In ihm kroch das Grauen hoch. Seine Lider schlossen sich einen Moment, bis er sie wieder aufriß. Aber das Bild blieb. Die Hütte war offen. Er schrie nicht, als er begriff, was passiert sein mußte. Nur sein Blick wanderte langsam nach rechts. Einen fürchterlichen Augenblick lang hatte er das Gefühl, daß ein Gewehrlauf auf ihn zeigte. Durch seine Muskeln lief ein Zittern. Sie krampften sich zusammen, und dann sprang er. Er flog mit einem Satz in die Hütte zurück, erwartete das schmetternde Krachen zu hören. Aber es kam nichts. Alles blieb tot und still. Mit aufgerissenem Mund blieb Paine an der Wand des Schlafhauses stehen.
Hooper richtete sich auf, blinzelte, fuhr zusammen, als er Paines leichenblasses Gesicht sah.
Paine schrie auch jetzt noch nicht. Seine Stimme war ganz leise.
»Hooper«, keuchte Paine. Seine Stimme krächzte, der Schweiß brach ihm aus. »Hooper, ’raus aus dem Bett, Mann, wacht auf, schnell!
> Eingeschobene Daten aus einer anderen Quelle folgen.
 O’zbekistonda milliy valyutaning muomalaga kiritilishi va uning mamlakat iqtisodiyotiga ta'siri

Die Hütte, sie sind ausgebrochen, sie sind frei! ’raus, hört ihr nicht, ’raus mit euch!«
Er sah Hoopers Gesicht zu einer Fratze der Furcht werden, die flackernde Angst in Hoopers Augen. Jeff Skate fuhr auf der Pritsche herum, sein Mund öffnete sich, als wollte er schreien.
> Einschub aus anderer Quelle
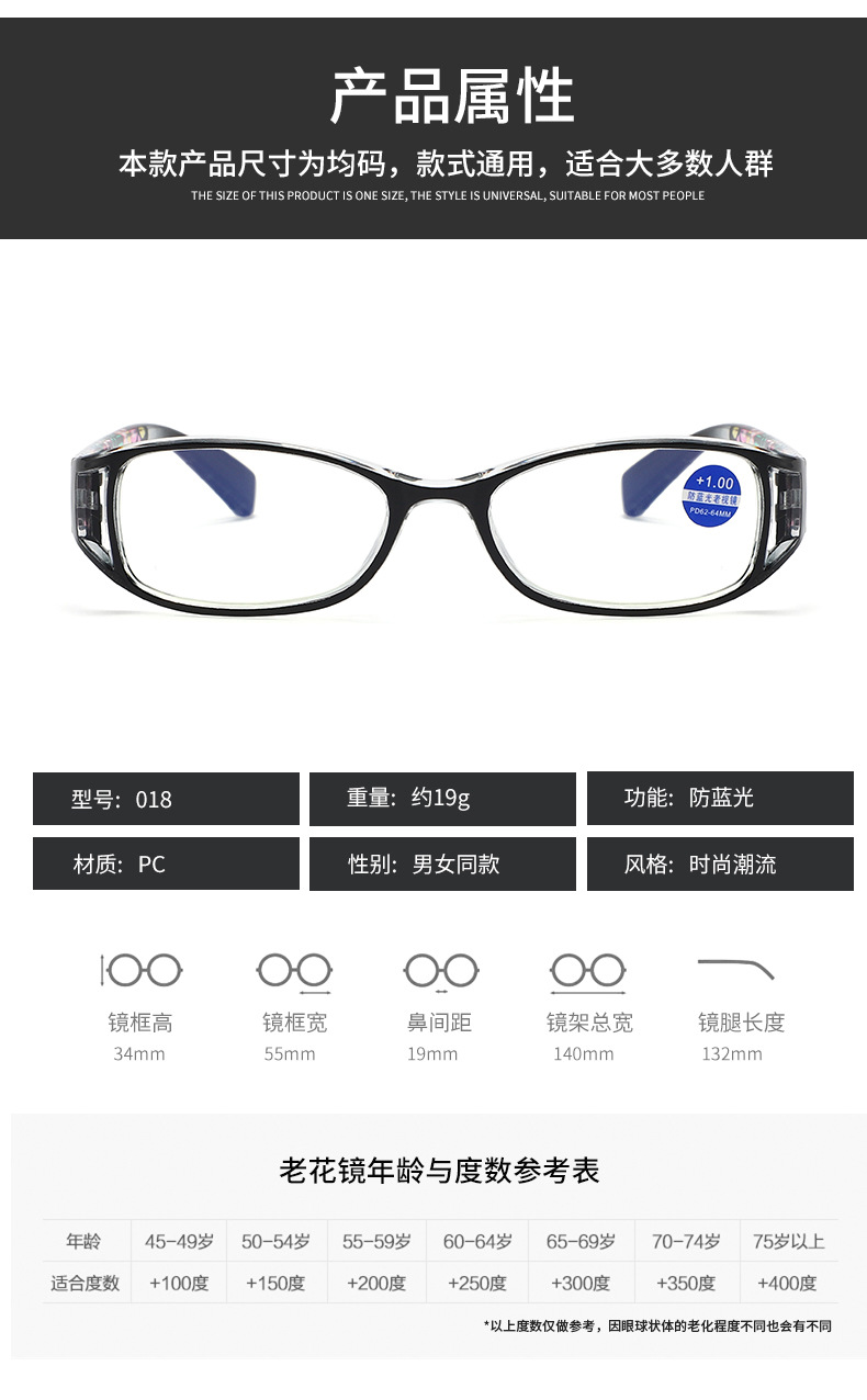 新款跨境防蓝光老花镜 男女pc跑江湖地摊老花眼镜 老人高清阅读镜

»’runter ducken, nicht so hoch,
daß sie durch die Fenster etwas sehen können!« ächzte Paine. »Stacy, Patty, ’raus, hinten ’raus, das Fenster auf! Sie sind los, sie haben es irgendwie geschafft herauszukommen und Carter erwischt. Sie haben seine Waffen. ‘raus, schnell!«
Er stürzte vorwärts, flog geduckt auf das hintere Fenster zu.
Langsam, dachte er und stierte zur Tür. Sein Revolver hob sich, sein Daumen hielt den Hammer fest. Er war bereit zu feuern. Hölle und Pest, dachte Paine, die Fenster vorn. Wenn sie sehen, daß wir auf sind und das Licht brennt – wir sind Zielscheiben für sie. ’raus, bloß ’raus hier!
Er hob den Riegel aus, schob sacht das Fenster auf, aber er zauderte hinauszublicken. Sie konnten schon hinter dem Schlafhaus sein. Wenn er den Kopf hinausstreckte...
»Licht aus«, zischte Paine, als er Stacy vor der Tür kauern sah und Skate zu ihm hetzte. »Lampe aus und still. Zielt auf die Fenster!«
Sie hockten zwischen den Pritschen und hinter dem Tisch. Sie warteten, bis das Licht erlosch. Paine hob den Kopf, sah blitzschnell nach draußen. Niemand war da, alles leer und still. Da wagte er es, stieg über das Fensterbrett, stand draußen und winkte:
»Kommt, schnell!«
Skate kam ihm zuerst nach, dann Patty Chickens. Als sie alle draußen waren, fünf Mann, huschte Paine nach links. Sein Blick flog von der Schlafhausecke zum Corral. Die Pferde standen dort; keins war fort.